Methods and Assumptions

Before proceeding to a more detailed examination of the results of the t-test analyses, it is appropriate here to discuss a feature of the previous variable descriptions which has an important bearing on the t-test results. This relates to the observation that differences in the magnitude of the regional ranges of variation for individual variables appear to be correlated with differences in sample size, first noted in the description of glabella-opisthocranion length. In particular, Chimbu Gorge, by far the largest sample, is very often identified as the region with the largest range of variation, sometimes double those of the others. In fact, of the total of 47 variables discussed, Chimbu Gorge has the largest range of variation for 41 (87%) . Furthermore, the range of variation identified for Chimbu Gorge is at least double the range identified for one or more

of the other regions for 26 variables (55%) . Quite obviously, differences in the ranges of variation for almost all of the variables are strongly linked to differences in sample size. The possible effect of differences in sample size has been commented on throughout the variable descriptions using the coefficient of variation as an indicator of individual regional dispersion. The potential for sampling bias in the identification of significant regional mean differences will now be more thoroughly examined.

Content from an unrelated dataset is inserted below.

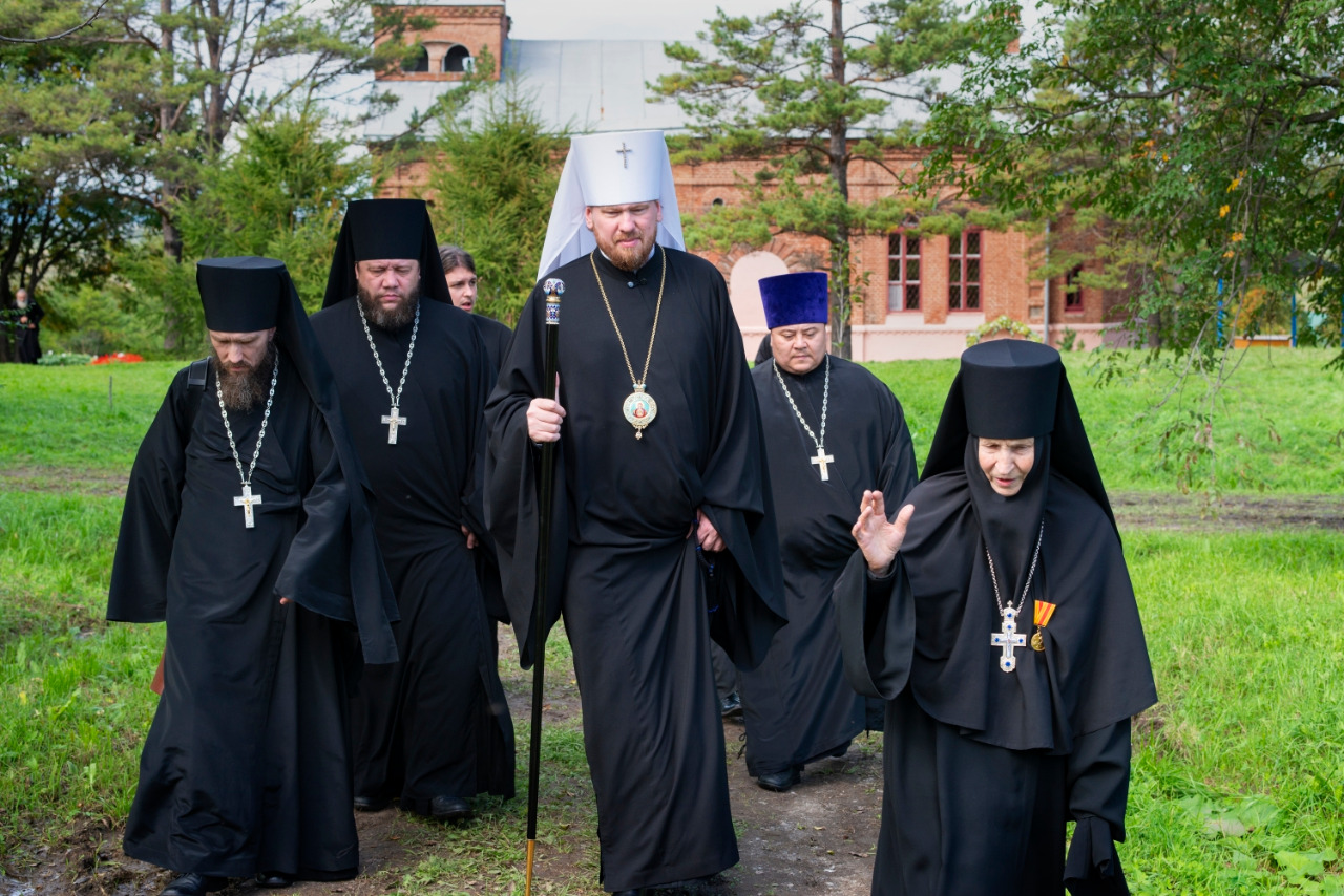 Владыку сопровождали настоятельница Богородице-Рождественского женского монастыря игумения Варвара (Волгина), благочинный монастырей Владивостокской епархии настоятель Свято-Серафимовского мужского монастыря игумен Климент (Кривоносов), благочинный I Владивостокского благочиния протоиерей Сергий Шуталев, благочинный II Владивостокского благочиния иеромонах Иоанн (Костин).

The t-test is a test of the hypothesis that two sample means for a single variable are equal. The procedure assumes certain properties of the population samples being compared, specifically that the observations for each sample are normally distributed and that the sample variances are equal. Approximations to the normal distribution can be tested using the Shapiro-Wilk statistic (W) (Shapiro and Wilk 1965) . Each of the 47 variables for the four regions was compared to a hypothetical normal distribution using this statistic (SPSS/PC+ procedure EXAMINE (Norusis and SPSS Inc. 1988c:B25,B32)). The results are included in Tables 9 to 12.

None of the variables shows a significant departure from normality for the Mariko sample. Within the Chimbu Gorge sample, only four variables are significant for W at p < .01: nasal breadth, orbital breadth, bi-maxillofrontale and nasofrontal articulation. Both the Nebilyer-Kaugel and Erave samples show significant non-normal distributions for only a single variable each: nasion-metopion for Nebilyer-Kaugel, glabella prominence for Erave.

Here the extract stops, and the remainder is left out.